On Beyond LTP

  1. Mary B. Kennedy
  1. Division of Biology 216-76, California Institute of Technology, Pasadena, California 91125 USA

In a challenging and insightful commentary, Sanes and Lichtman (1999) courageously point out in print what has often been discussed at recent meetings: LTP seems to have lost its usefulness as a paradigm for studying synaptic plasticity, much less learning and memory. The authors then offer two broad explanations for the current profusion (and confusion) of potential molecular mechanisms for LTP. The first is the simple suggestion that “Many molecules are required to mediate the process.” The second is that a variety of historical, experimental, and biological “factors have thwarted attempts to pinpoint a minimal cadre of essential molecules among a larger group of candidates.” Sanes and Lichtman favor this second, less optimistic explanation. I will argue that the truth lies somewhere in between.

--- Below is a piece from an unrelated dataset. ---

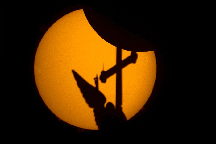 Ini adalah landmark kota St. Petersburg, Rusia, di atas puncak menara Katedral Saints Peter dan Paul. Tampak siluet melawan Matahari saat gerhana Matahari parsial. Foto ini diambil melalui teleskop dengan filter spektrum sempit hidrogen-alfa (H-alfa) yang memungkinkan penelitian aktivitas permukaan Matahari. Foto: AP/Hassan Ammar

Sanes and Lichtman suggest that one reason we have a clear molecular explanation for, say, the action potential but not for LTP is that “the molecular biologists and biochemists studying action potentials knew what they were trying to explain.” In contrast, they correctly point out that it has “remained a challenge to supply a clear definition, description or function” for LTP. I agree that the inability to measure with a microelectrode alone the subtle mechanistic differences between one form of long-lasting synaptic potentiation and another has prevented a clear definition of LTP. The problem is magnified because the Nature of modern Science of theCell biology of the Neuron has been to equate function with what is measured by a microelectrode. Thus, the trend has been to accept almost any manipulation that alters the tetanus-induced increase in EPSP slope as a legitimate functional study of LTP. It seems evident that a new paradigm is needed. In fact, many investigators have been quietly forging new ways of investigating synaptic regulation in the CNS, despite the frustration of having their work often relegated to non-functional status.

In theory, there are a finite number of ways to change the strength of synaptic transmission. For example, the probability that a presynaptic action potential causes release of a vesicle of transmitter can be altered. An able group of molecular biologists and biochemists have made great strides in understanding this facet of synaptic regulation by investigating the molecular mechanisms of vesicular transmitter release. These studies, starting with descriptions of the proteins in synaptic vesicles (Reichardt and Kelly 1983) and interacting proteins in the plasma membrane (Bennett and Scheller 1994), have lead inevitably to exciting insights into the mechanisms of controlled synaptic vesicle fusion (Sutton et al. 1998; Chen et al. 1999). The next step will be to clarify the sites of regulation by calcium and by protein phosphorylation (Bennett 1997; Bajjalieh 1999).

Another way that synaptic strength can be altered is to change the magnitude of the current-through-activated postsynaptic glutamate receptors. Here again, molecular biologists and biochemists have defined the sequences and structures of glutamate receptors (Boulter et al. 1990, 1992; Nakanishi 1992; Seeburg 1993), the locations of their ion channels (Wo and Oswald 1995), and mechanisms by which their current can be regulated (Roche et al. 1996; Barria et al. 1997). A third way is to add or subtract glutamate receptors from the postsynaptic membrane so that the total current produced by release of transmitter is changed. Recent evidence indicates that AMPA receptor insertion and removal can occur in central synapses and may be regulated by NMDA receptors (Shi et al. 1999). Make no mistake! Each of these kinds of studies will eventually lead to insights into some form of LTP. They also point to a more subtle and complex view of the synapse than appears in the usual microelectrode paradigm.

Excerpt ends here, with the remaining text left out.